Connecting Ontology and Ethics in Relation to AI

In writing this series of posts I’m trying to lay out a certain line of thought I’ve been pursuing. This thought concerns the relation between human ontology and artificial intelligence. Certainly one expression of the issue is: If AI can replace or enhance human cognition and creativity, does it matter? That sounds confusing because I’m asking if enhancement or replacement matters, and possibly one would think the issue turns on replacement. I think the issue relates to both these issues, hence the phraseology.

If something matters then there is an ethical dimension to it. This in turn is what brings ontology into the discussion. The point being that AI potentially alters what we are or what we take ourselves to be. So if there is an ethical dimension to the decisions we make regarding our relation to AI, and our relation to AI is relevant to our self ontology, then the ethics involved are ethics relating to human ontology.

Phrased another way, the reason ethics is relevant is that it seems we must ask the question:  ‘does it matter if humans lose some cognitive/creative abilities if there are successful AI protheses to do it for them?’ (let’s be clear, this question doesn’t say humans will lose them, it only asks about the possibility if they do).
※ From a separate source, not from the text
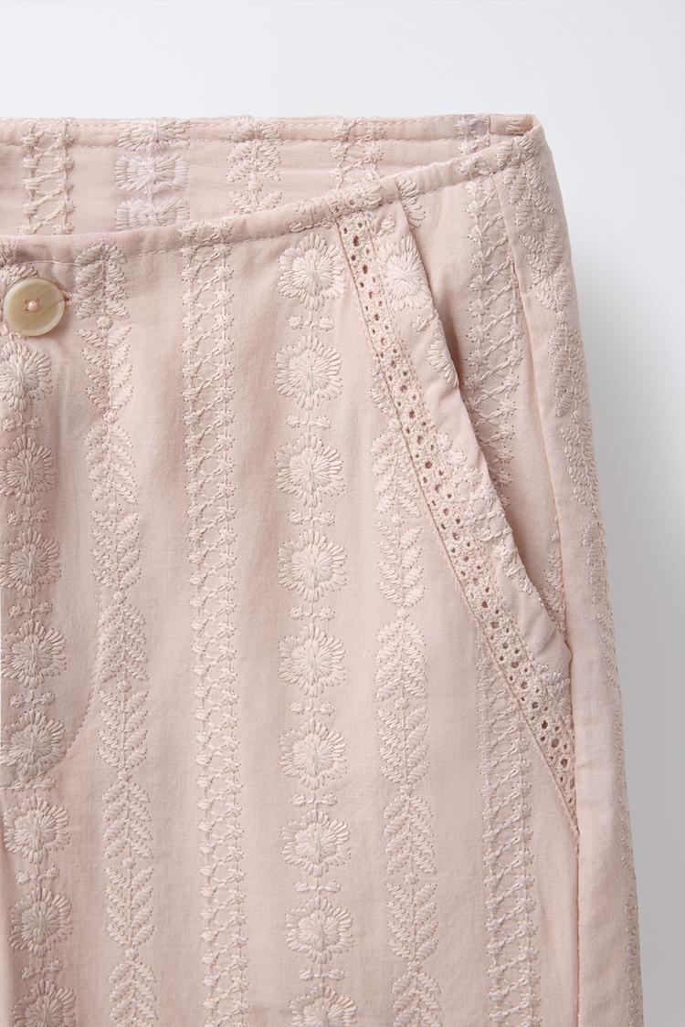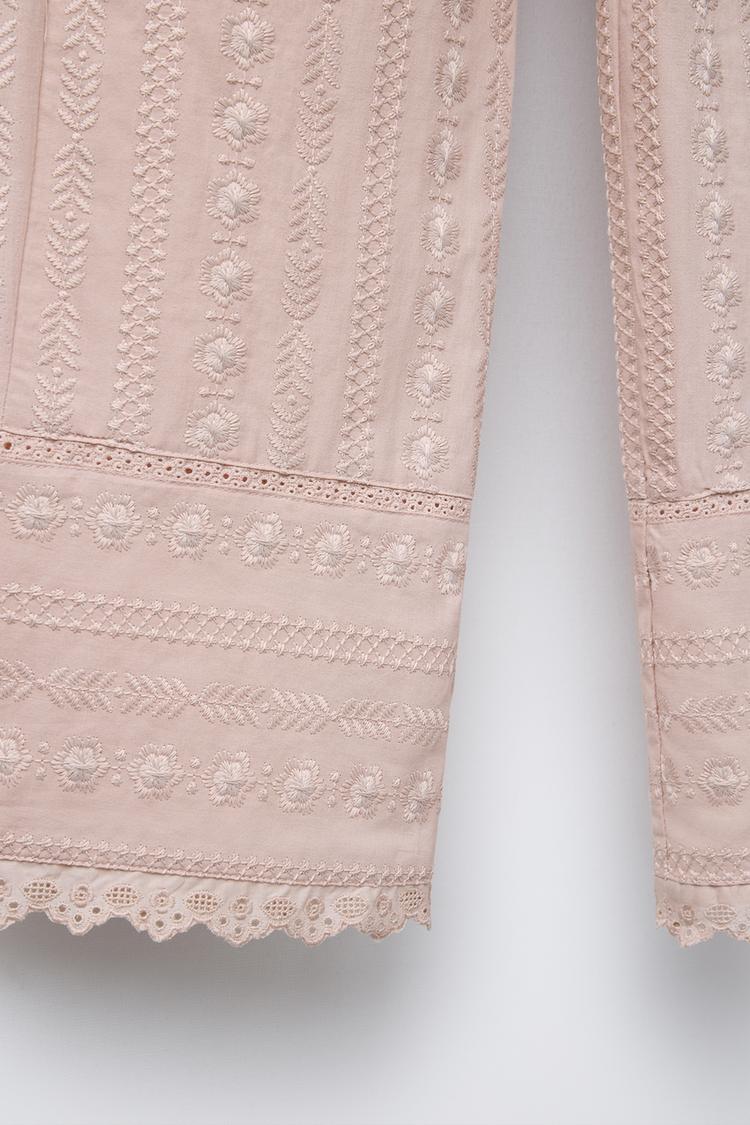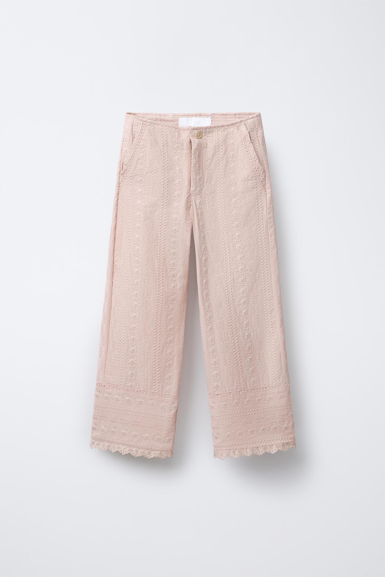 ZARA БРЮКИ ПРЯМОГО КРОЯ С ВЫШИВКОЙ, ЦВЕТ РОЗОВОГО ДЕРЕВА

This in turn is relevant to ontology insofar as the ethical imperative here concerns, in one sense not our actions (though they are still relevant) but rather what we want to be. That is, if it can be said that we hold that we are a certain kind of being, and if AI can be said to be deleterious to our being that kind of being then it’s usage should be actively resisted such that this kind of being is preserved.